Modern shells are weaker than Python at string manipulation, frequently requiring external programs like sed and tr. I want Oil to be at least as good as Python in this respect, and that will require a fast interpreter.
I want Oil to subsume the functionality of Awk. Awk has floating point numbers and hash tables, which are best implemented in a native language.
A shell shouldn't depend on Python or any other interpreter. For example, Python isn't installed on Android, but it has a shell (mksh).

So I'll be working on a vertical slice of the C++ software architecture. The first step is to run something like this:

$ test -d / && echo 'hello world'
hello world

This will require the following:

Write a slice of the OSH-to-OVM compiler, probably in Python. OVM is a shared runtime for OSH and Oil: both osh.asdl and oil.asdl will compile to a simpler language specified in ovm.asdl.
Serialize OVM trees in OHeap format. This code is already written as part of ASDL.
Generate C++ classes for for the OVM AST nodes. They will use enum values in core/id_kind.py, mentioned in The Backbone of the Interpreter. Both of these code generators are already written.
Write a tree-walking interpreter. I'll adapt the C++ code mentioned in the very first blog post. I had the skeleton of a shell, but abandoned it because iterating in C++ is onerous.

So three pieces of relevant C++ code already exist, and I hope I can glue them together quickly. The main design issue will be the OVM code representation.

3. Further Work

Oil Parser. I wrote a parser for OSH, and began a translator from OSH to Oil. But we still don't have a parser for Oil! It will likely follow the structure of the OSH parser, but with fewer lexer modes (formerly called lexical state).
Bootstrapping. After writing the runtime in C++, we'll still have an OSH parser written in Python. One way to break the dependency is to compile Python to OVM.

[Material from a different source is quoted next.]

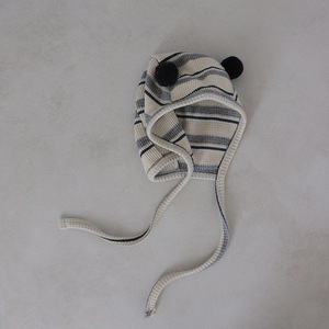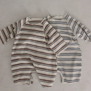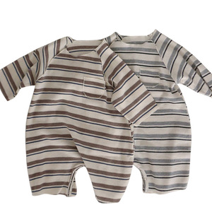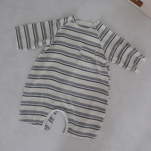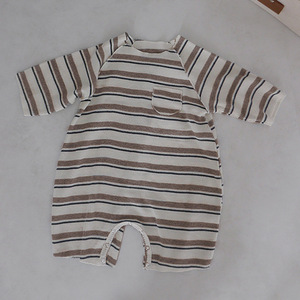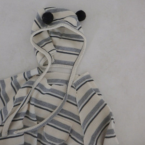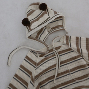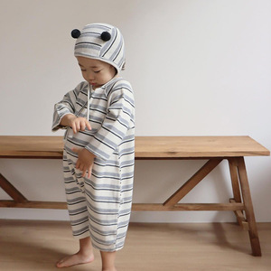 秋款童装小童条纹华夫格连体衣新生儿棉质长款爬服包屁衣哈衣帽子
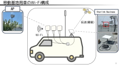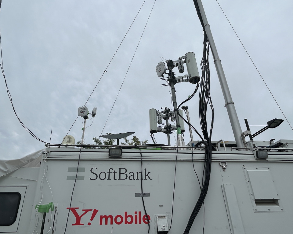 ほかにも4G/5Gの移動基地局車が同じく東側待機列ができる付近に展開する。こちらも4G/5Gともに帯域を増強。従来は1セクターだったところを、3セクターに増やした。同車には「Starlink Business」を用いたWi-Fiも設置される。2台の車両にそれぞれ3つずつアクセスポイントが設置される。ソフトバンクユーザーのみが利用できる。

I'll save the details of these tasks for a future post. I'm not sure in what order I'll tackle them, and there is more than one possible approach for each one.

There's also the ongoing work and other unfinished tasks mentioned in the last post. Also, the OSH to Oil translator isn't done, although it's been proven.

There's a lot of work to do, and I think some of it can be parallelized. I hope that the automated test enhancements I've described here makes it pleasant to work on the project. Please leave a comment if you want to work on it.

Although I think the HTML page I linked above is fairly easy to understand, I'll explain it in detail in an upcoming post. I also plan to add docs on contributing and testing in the Git repository.